How air flow management tools reduce spread of COVID-19 in enclosed spaces.

October 13, 2020 6:54:45 pm
It is accepted that the spread of the SARS-CoV-2 virus is primarily person-to-person, through the droplets and aerosols generated by a person coughing, sneezing, or even talking.

Written by Krishnendu Sinha

As the COVID-19 pandemic unfolds in India, the focus has been towards un-locking and opening up the economy. A harsh reality has begun to set in that until vaccines or new therapies are developed, we will have to learn to live with the pandemic. Apart from changes in social behaviour like physical distancing and mask usage, retrofitting of workplaces and communal spaces, like neighbourhood stores, office buildings and classrooms, will play an important role in reducing the risk of transmission and spread of the coronavirus.

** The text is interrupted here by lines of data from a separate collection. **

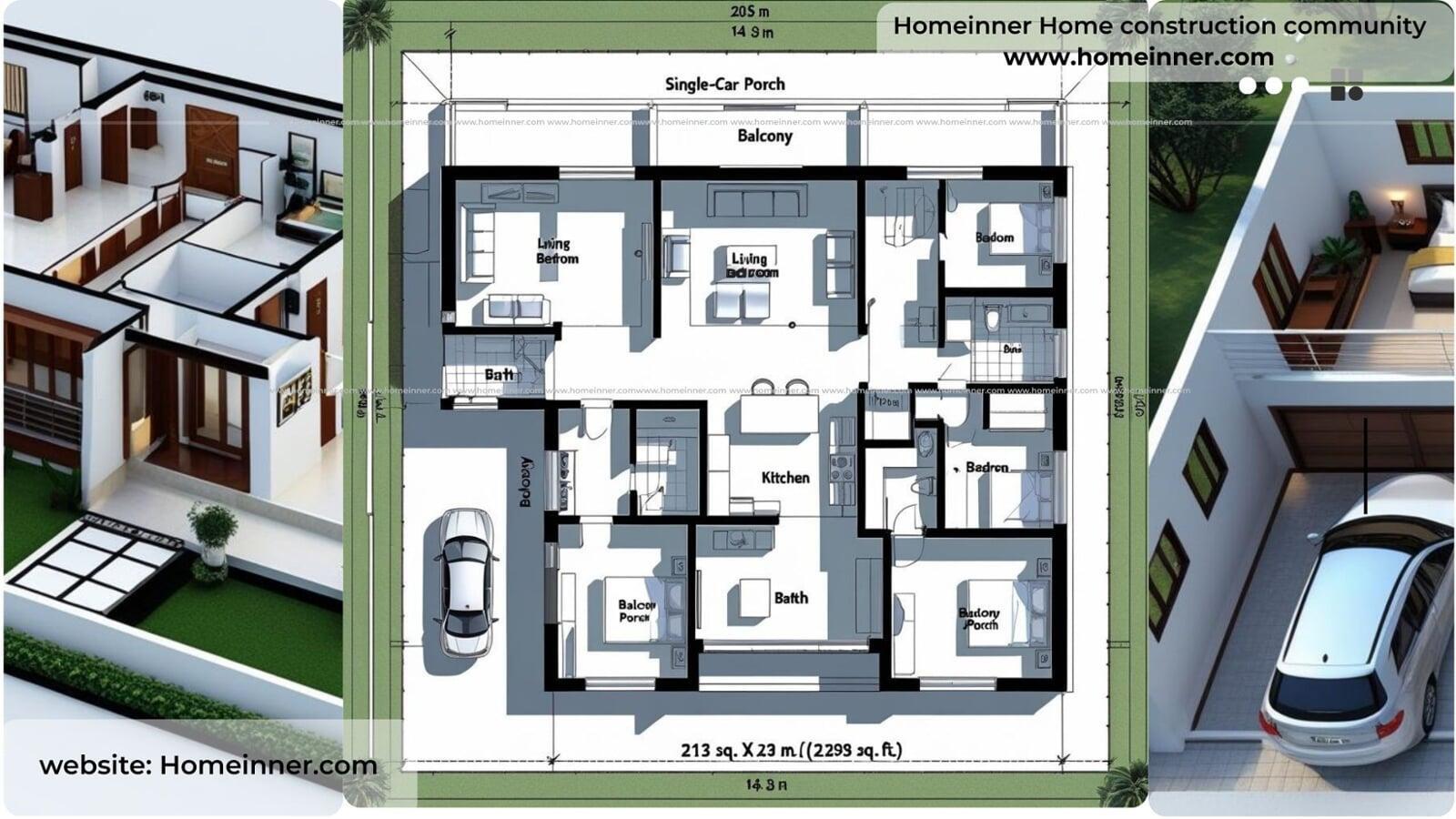 Outdoor Spaces: The design includes a main balcony at the front and two private porches, offering plenty of options for outdoor relaxation.
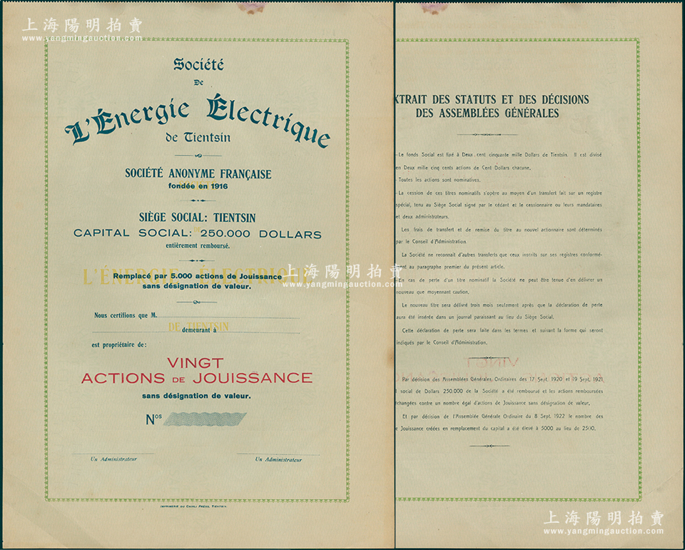 1916年天津法国电灯房股票,红利股20股,内有水印,背印条例文字,罕见,九成新
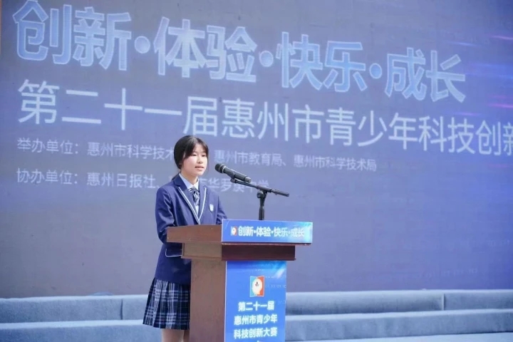 溫家綺在第二十一屆惠州市青少年科技創(chuàng)新大賽上發(fā)言。
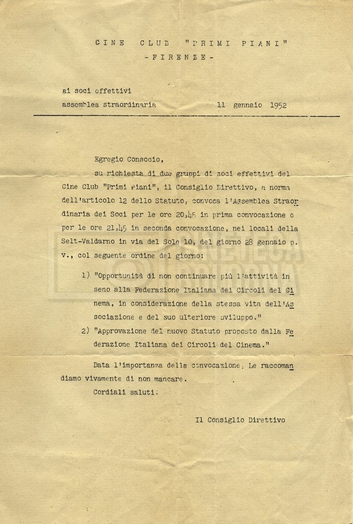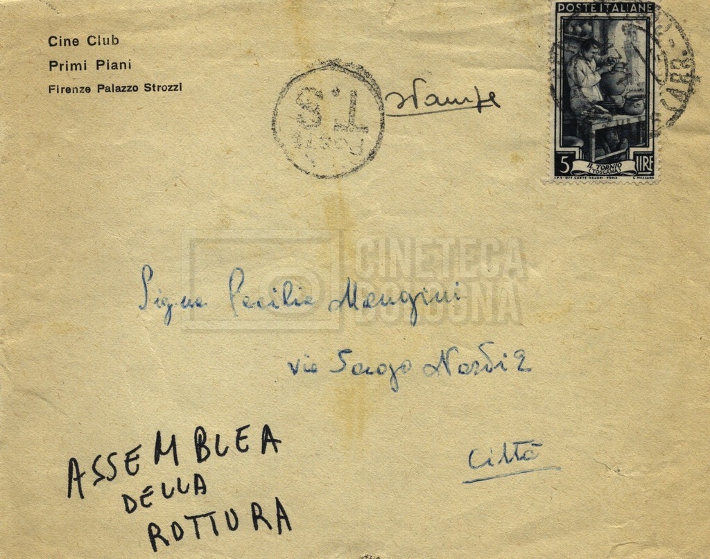 – Una lettera di convocazione per l’assemblea dei soci del cineclub ‘Primi piani’, durante la quale il cineclub votò per uscire dalla FICC. Tra i contrari alla rottura risultano Cecilia Mangini, Callisto Cosulich, Marsili, Libelli e Roberto Manetti, i quali fondarono un nuovo cineclub, ‘Controcampo’, iscritto alla FICC;

It is accepted that the spread of the SARS-CoV-2 virus is primarily person-to-person, through the droplets and aerosols generated by a person coughing, sneezing, or even talking. A droplet, usually sub-millimetre in size or larger, rapidly falls to the ground after it is emitted due to gravity. Aerosol particles are much smaller (as small as a thousandth of a millimetre) and can stay suspended in the air, potentially carrying infectious virus particles with them, and can be breathed in by people. Therefore, understanding air flow and ventilation, especially in closed spaces where aerosols tend to persist, is a key aspect of controlling the infection spread.

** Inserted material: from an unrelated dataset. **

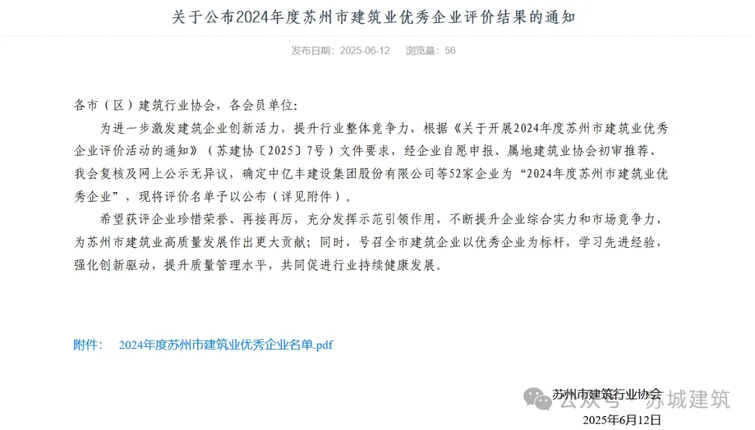 6月12日,蘇州市建筑行業(yè)協(xié)會正式公布2024年度蘇州市建筑業(yè)優(yōu)秀企業(yè)名單,蘇城建筑憑借卓越的綜合實力、優(yōu)質(zhì)的工程質(zhì)量和良好的行業(yè)口碑,再次榮耀登榜,連續(xù)多年獲評“優(yōu)秀企業(yè)”稱號,彰顯了企業(yè)在蘇州建筑行業(yè)的領先地位和品牌影響力。
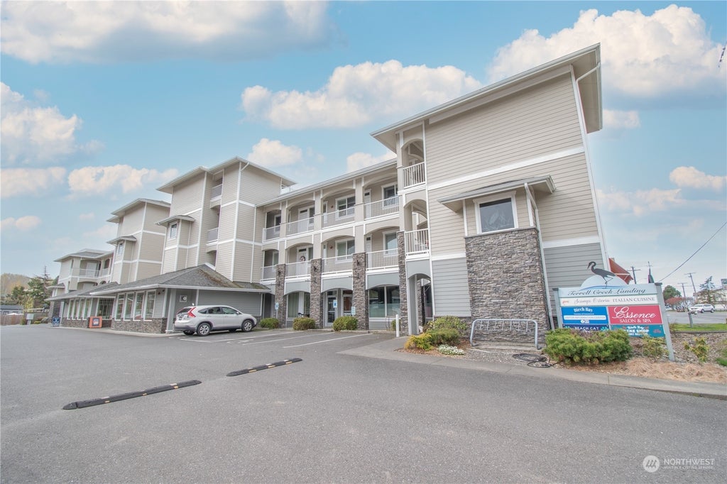 Experience breathtaking sunset vistas over Birch Bay from the exquisite Terrell Creek Landing condominiums! Securely nestled within a well-appointed building, this top-floor unit boasts convenient elevator access directly from the lobby. Step inside to discover an inviting open layout, highlighted by a gourmet kitchen adorned with granite countertops, a gas range, and stainless steel fridge. The kitchen effortlessly flows into a breakfast bar and a separate dining area, perfect for entertaining guests. Unwind in the cozy living room, complete with a gas fireplace, before stepping out onto the covered deck to savor the panoramic view. With two bedrooms and two full bathrooms, this residence offers both comfort and convenience. Just a leisure

The question now is: How does one reduce the risk of contracting COVID-19 in enclosed spaces, like a neighbourhood store or a barber shop? A barber shop has some unique challenges. Customers at the shop stay seated in one place for the duration of a haircut, typically 10-15 minutes. What influences the risk of infection during this time? Certainly, mask etiquette followed by the barber and the other customers is important, as is physical distancing between customers. Equally important is the question: Is there adequate ventilation to disperse airborne droplets and aerosols? Perhaps, the barber himself has many of the same questions on his mind. After all, he spends much more time than the customers in that enclosed space.

We consider the barber shop in the IIT-Bombay campus, frequented by faculty and students (most of whom are continuing their education online, from home, at this time). The campus barber’s shop has a layout that is perhaps similar to what one would encounter in most urban settings in the country. The shop typically comprises a closed room (in some cases air conditioned — this is the case for the campus shop) and is typically not well ventilated. It has more than a handful of people at any given time. There are customers coming in and going out, and maintaining social distancing is challenging. In such a scenario, can managing the air flow be used to enhance ventilation and reduce the risk of air-borne transmission?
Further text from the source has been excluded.